There is a difference between classroom knowledge and real world application – the kind of difference that exists between book worms and people with street smarts. A person can know charts and data, but it is applying that knowledge that becomes paramount.

He calls the mentality of some people on the mountain the “Safety paradox – where you inject a delusion of the absence of harm in an environment that is completely uncertain, where you are in a high-risk environment of likelihood and consequence – and they can’t equal zero in the equation of risk.
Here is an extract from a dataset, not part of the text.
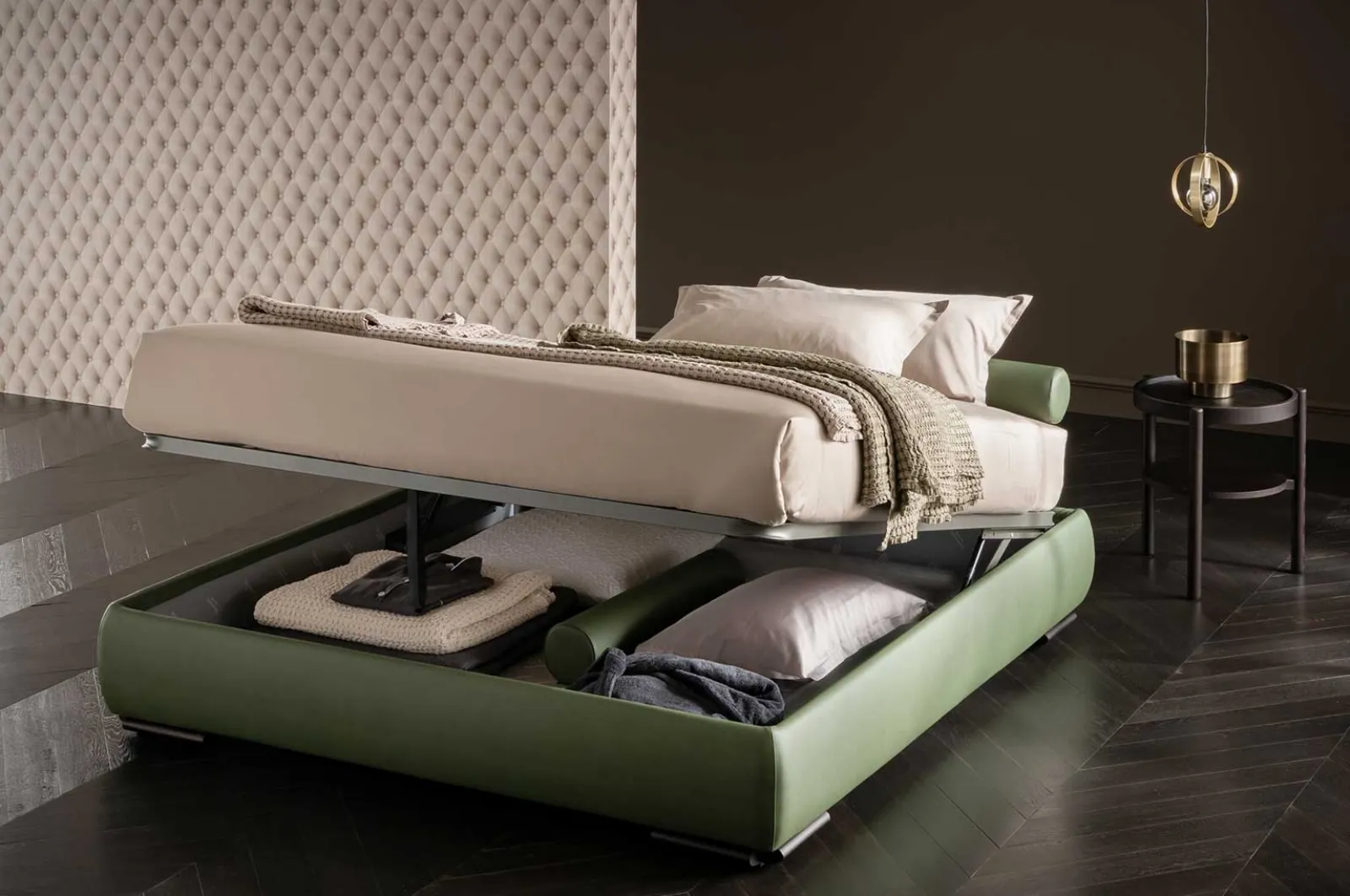 I Letti matrimoniali con contenitore dell'azienda, specialista nella realizzazione di Arredamento Casa per la zona notte, sono progettati per essere abbinati a mobili ed elementi accessori di ogni genere, come armadi e comò, lampade e piantane. Il Letto Soul Sommier con contenitore di Altrenotti crea uno spazio accogliente e confortevole in ogni camera da letto, assicurandoti il relax totale e un design unico. Scegli cromie e texture e realizza il tuo concept d’arredo nella camera da letto, progettandola proprio come l'hai sempre immaginata. Se desideri una soluzione in pelle, il modello mostrato in foto è caratterizzato da materiali di qualità e forme decise, che invitano a trascorrere un riposo tranquillo e ristoratore. Durante la scelta di un buon modello di letto, valuta con cura le sue dimensioni, i materiali, la forma e il suo stile rispetto al resto degli arredi.

The only way you can get to a certainty of safety is the avoidance of risk.”

Wylie said that information gathering is often regarded as an intellectual process: “But it is also emotional and spiritual. There’s another way of gathering information that has nothing to do with science – I think to divorce ourselves from that is a big mistake.”

He argues that living an event does not equal experience. Reflecting on events – metabolizing them, as he puts it, that is what allows for the expansion of knowledge, safety and understanding.

“We’re like a stone skipping along a pond and we are going so high speed we are skipping from one event to the next and never sink down into, ‘Why did I make that decision? Why did this happen? What was I missing today?’ So, we make this huge assumption that just because we are out there we are getting experience and that is not true,” he said. “I think it’s really important for people to take time to reflect. We think about the kind of technical lessons but that’s not what it’s about. It’s about the human lessons: ‘How am I showing up? What kind of feedback did my friends give me that I need to pay attention to?’ We are skipping all of that – not only with the adventure community but globally, we are missing something. I think human development is the answer.”

The extreme mountain film industry breeds a culture that encourages athletes to push the envelope, he said.

“I think that every accident that happens out there – we all play a role in creating a culture that glorifies that. About the movement skills, about the high risk… and there’s a huge opportunity to shift the game into ‘this is the arena where we actually learn to become adults and this is the arena where we kind of go through a process where we have a rite of passage.’ The conversation seems to be shifting. The new generation is curious about how we deepen this practice.”

Wylie has started teaching fiveweek courses on the mentality of backcountry adventure.

“One of the things that I teach is this series of choices: the choice between acceptance or denial and there is a whole bunch related to that: Do we accept or deny the avalanche forecast? Do we accept or deny that what we want to ski is out of condition? Do we accept or deny our partner and their risk tolerance? And it goes down the chain. Do we have the courage to turn back? Do we have the courage to speak up? Do we have the courage to look at the snowpack and what it is telling us? There’s a whole series of those that build on each other. They are really simple concepts that look at the avalanche problem in a really different way.”

He said people need to shift their intention. It needs to be about developing as a person. “If we start there, we are going to significantly drop our number of fatalities each season.”

The courage to communicate

“We need to ask ourselves the question: ‘I had this near miss and survived. Am I willing to watch somebody else make the same mistakes?’ And I’m not. I’m not willing to watch other people make the same mistakes I did. I at least want to give them the opportunity to choose,” Wylie said.